The Concrete Specific and the Ordinary
In their October 2022 newsletter, Armen and Karina from Neighbourhood Matters invites readers to reflect on the following quotes and asks, “when have you gained an understanding of universal meaning through the concrete, specific and ordinary?”
We’re inspired by this quote from Catholic priest Richard Rohr on why place, neighbourhood, presence, the particular and the ordinary matter so much:
The doctrine of haecceity (“thisness”) says that we come to universal meaning deeply and rightly through the concrete, the specific, and the ordinary, and not the other way around. The principle here is “go deep in any one place and we will meet all places”. When we start with big universal ideas, at the level of concepts and -isms, we too often stay there — arguing about theories, forever making more distinctions. At that level, the mind is totally in charge. It’s easier to love humanity then, but not any individual people. We defend principles of justice but can’t muster the courage to live fully just lives ourselves.
And in the words of 20th century German theologian and anti-Nazi dissident Dietrich Bonhoeffer, “The person who loves their dream of community will destroy community, but the person who loves those around them will create community”.

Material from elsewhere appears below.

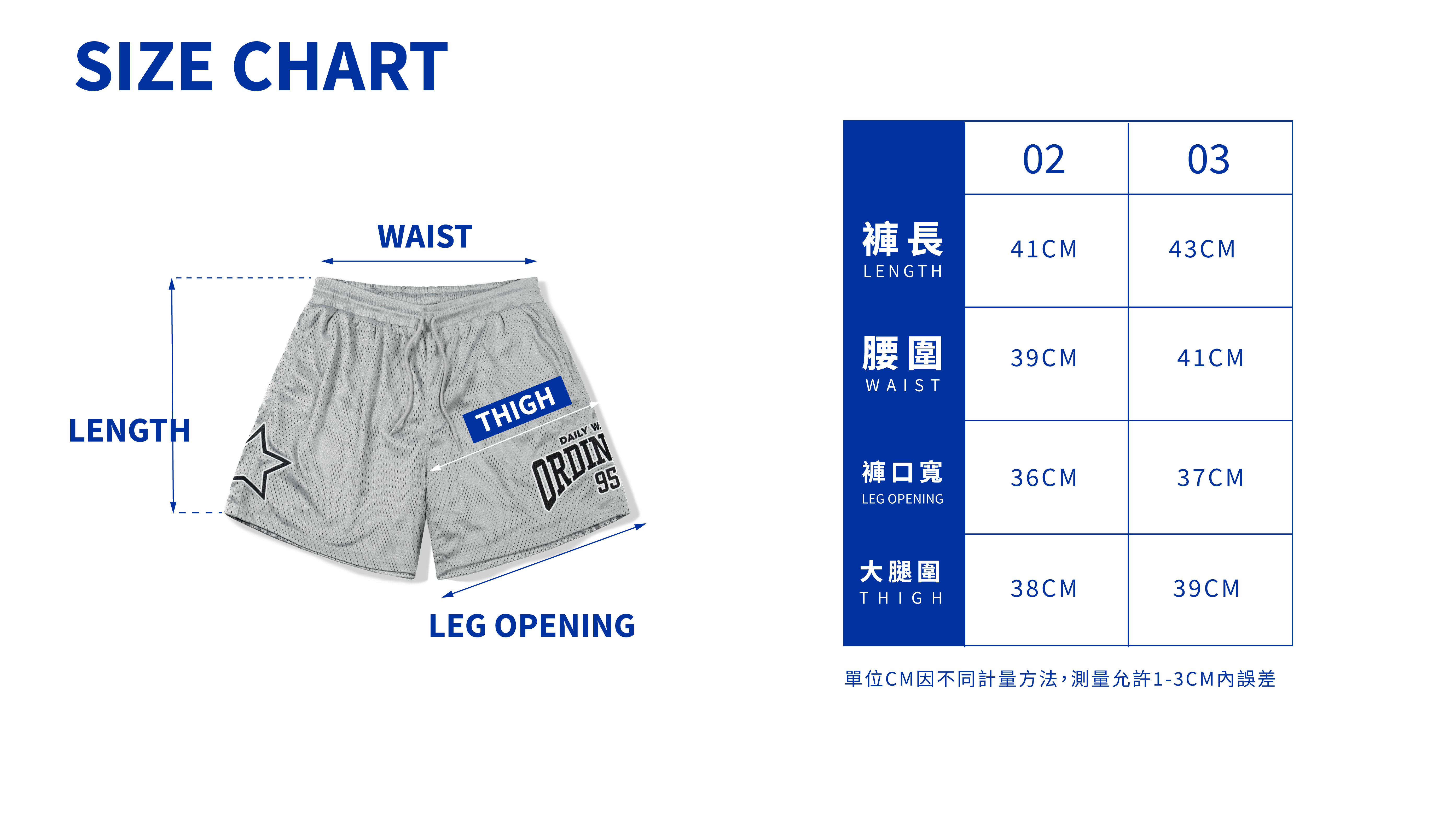 02 : 褲長41cm/腰圍39cm/大腿寬38cm/褲口36cm

In his introduction to “Missional leadership–entering the Trialogue” Nelus Niemandt claims that participation “in God’s mission is seen as best suited to the adaptive leadership challenges that face the missional church, and it allows the church to stop fretting over the church by entering into the trialogue. The trialogue is the discerning interaction between church, culture and biblical narrative – to seek, discover, understand and share in what the Holy Spirit is up to in the close-to-the-ground particulars of the church’s engagement in, with, against and for the world.”